Assigned task ::
Produce an exact copy of all the data below, dropping every image.

Data extracts ::
◇ ◇ ◇ ◇ ◇

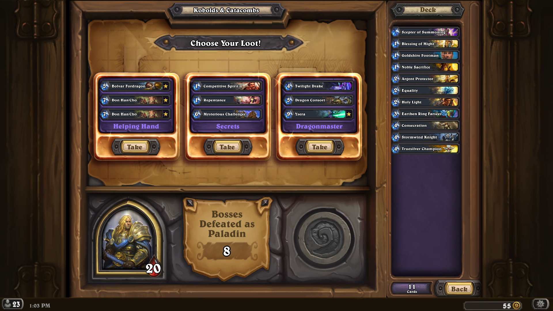 Laten we het nu hebben over de Dungeon Runs, wat ons betreft de beste singleplayer-ervaring van Hearthstone tot nu toe. In de Dungeon Run begin je met 10 kaarten en moet je in totaal acht bazen verslaan. Wanneer je een duel verliest in deze nieuwe modus, moet je weer helemaal vanaf het begin starten. Telkens als je een baas verslaat, krijg je de keuze uit drie opties met drie kaarten. Zo kun je naarmate je vordert in de dungeon je eigen deck bouwen en met je eigen tactiek de bazen verslaan. Soms krijg je ook een tweede keuze waarbij je één van de drie krachtige schatten uit mag kiezen. Deze kaarten zijn zo sterk, dat ze alleen in deze modus gebruikt mogen worden. Zo kan je er bijvoorbeeld voor kiezen dat je minions permanent stealth hebben of dat je twee extra kaarten trekt bij de start van een potje.
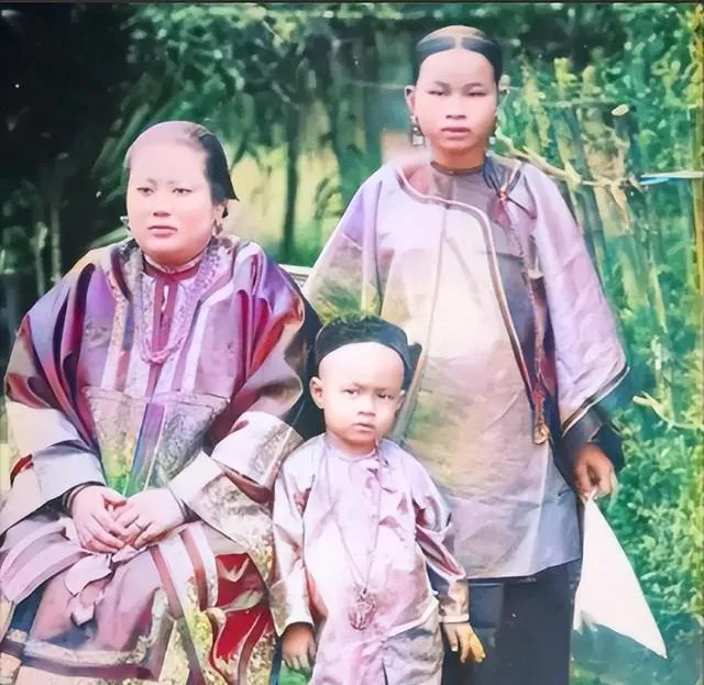 这张着色的老照片里,坐着的是主家太太,旁边站的是奶娘,孩子靠在大人腿边皱着眉,绸衣宽大,领口镶着细边,奶娘手腕粗,目光却温柔,屋里养孩子的规矩多,连喝水都得捧着小银碗。
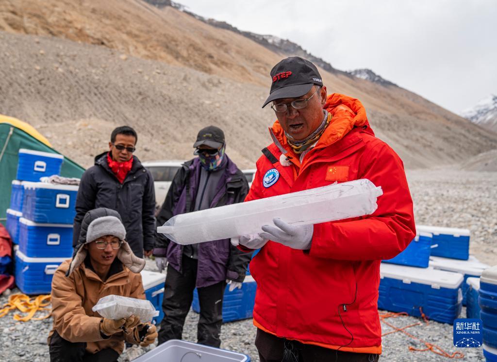 在珠峰登山大本營(yíng),中國(guó)科學(xué)院西北生態(tài)環(huán)境資源研究院副院長(zhǎng)康世昌(右)在查看從珠峰海拔約6500米處鉆取的冰芯樣品(5月22日攝)。新華社記者 孫非 攝
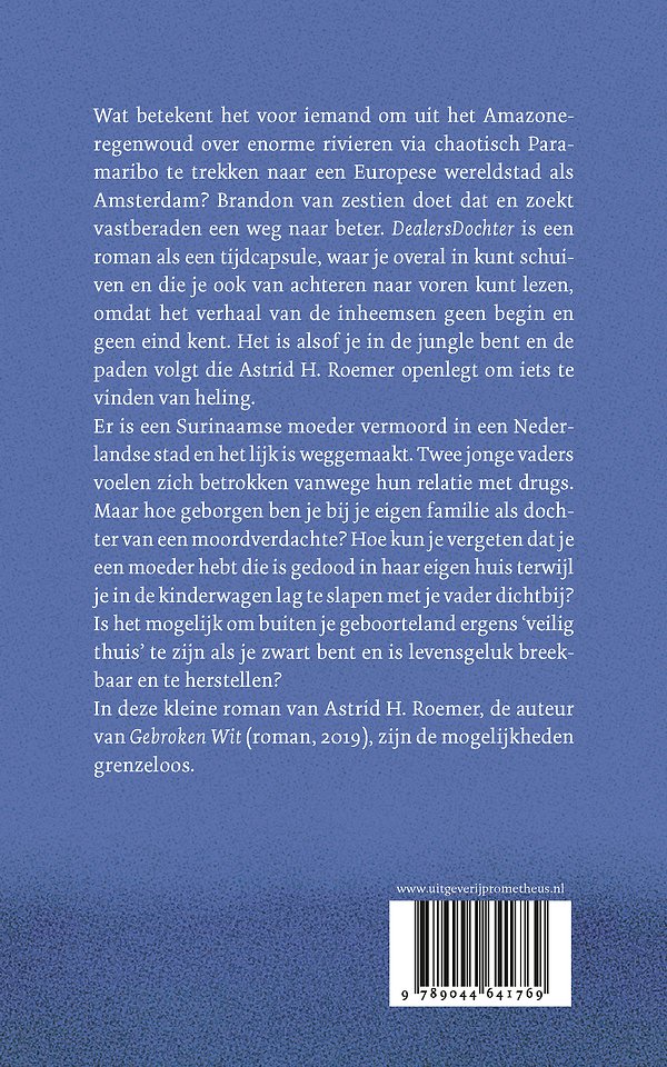 Wat betekent het voor iemand om uit het Amazoneregenwoud over enorme rivieren via chaotisch Paramaribo te trekken naar een Europese wereldstad als Amsterdam? Brandon van zestien doet dat en zoekt vastberaden een weg naar beter. DealersDochter is een roman als een tijdcapsule, waar je overal in kunt schuiven en die je ook van achteren naar voren kunt lezen, omdat het verhaal van de inheemsen geen begin en geen eind kent. Het is alsof je in de jungle bent en de paden volgt die Astrid H. Roemer openlegt om iets te vinden van heling.
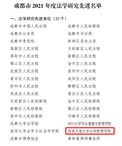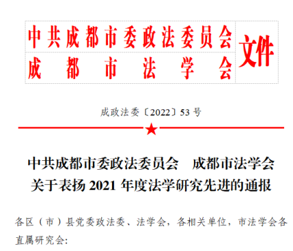 近日,从中共成都市委政法委员会、成都市法学会获悉,公司获成都市2021年度法学研究先进单位荣誉称号,公司教师邓君韬、法律硕士研究生金获获成都市2021年度法学研究先进个人荣誉称号。
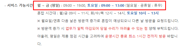 월 ~ 금 오전 9시 ~ 오후 7시까지 입니다. 토요일은 오전 9시 ~ 낮 1시까지 서비스가 가능하며,

◇ ◇ ◇ ◇ ◇

Result of this exercise ::
 Laten we het nu hebben over de Dungeon Runs, wat ons betreft de beste singleplayer-ervaring van Hearthstone tot nu toe. In de Dungeon Run begin je met 10 kaarten en moet je in totaal acht bazen verslaan. Wanneer je een duel verliest in deze nieuwe modus, moet je weer helemaal vanaf het begin starten. Telkens als je een baas verslaat, krijg je de keuze uit drie opties met drie kaarten. Zo kun je naarmate je vordert in de dungeon je eigen deck bouwen en met je eigen tactiek de bazen verslaan. Soms krijg je ook een tweede keuze waarbij je één van de drie krachtige schatten uit mag kiezen. Deze kaarten zijn zo sterk, dat ze alleen in deze modus gebruikt mogen worden. Zo kan je er bijvoorbeeld voor kiezen dat je minions permanent stealth hebben of dat je twee extra kaarten trekt bij de start van een potje.
 这张着色的老照片里,坐着的是主家太太,旁边站的是奶娘,孩子靠在大人腿边皱着眉,绸衣宽大,领口镶着细边,奶娘手腕粗,目光却温柔,屋里养孩子的规矩多,连喝水都得捧着小银碗。
 在珠峰登山大本營(yíng),中國(guó)科學(xué)院西北生態(tài)環(huán)境資源研究院副院長(zhǎng)康世昌(右)在查看從珠峰海拔約6500米處鉆取的冰芯樣品(5月22日攝)。新華社記者 孫非 攝
 Wat betekent het voor iemand om uit het Amazoneregenwoud over enorme rivieren via chaotisch Paramaribo te trekken naar een Europese wereldstad als Amsterdam? Brandon van zestien doet dat en zoekt vastberaden een weg naar beter. DealersDochter is een roman als een tijdcapsule, waar je overal in kunt schuiven en die je ook van achteren naar voren kunt lezen, omdat het verhaal van de inheemsen geen begin en geen eind kent. Het is alsof je in de jungle bent en de paden volgt die Astrid H. Roemer openlegt om iets te vinden van heling.
 近日,从中共成都市委政法委员会、成都市法学会获悉,公司获成都市2021年度法学研究先进单位荣誉称号,公司教师邓君韬、法律硕士研究生金获获成都市2021年度法学研究先进个人荣誉称号。
 월 ~ 금 오전 9시 ~ 오후 7시까지 입니다. 토요일은 오전 9시 ~ 낮 1시까지 서비스가 가능하며,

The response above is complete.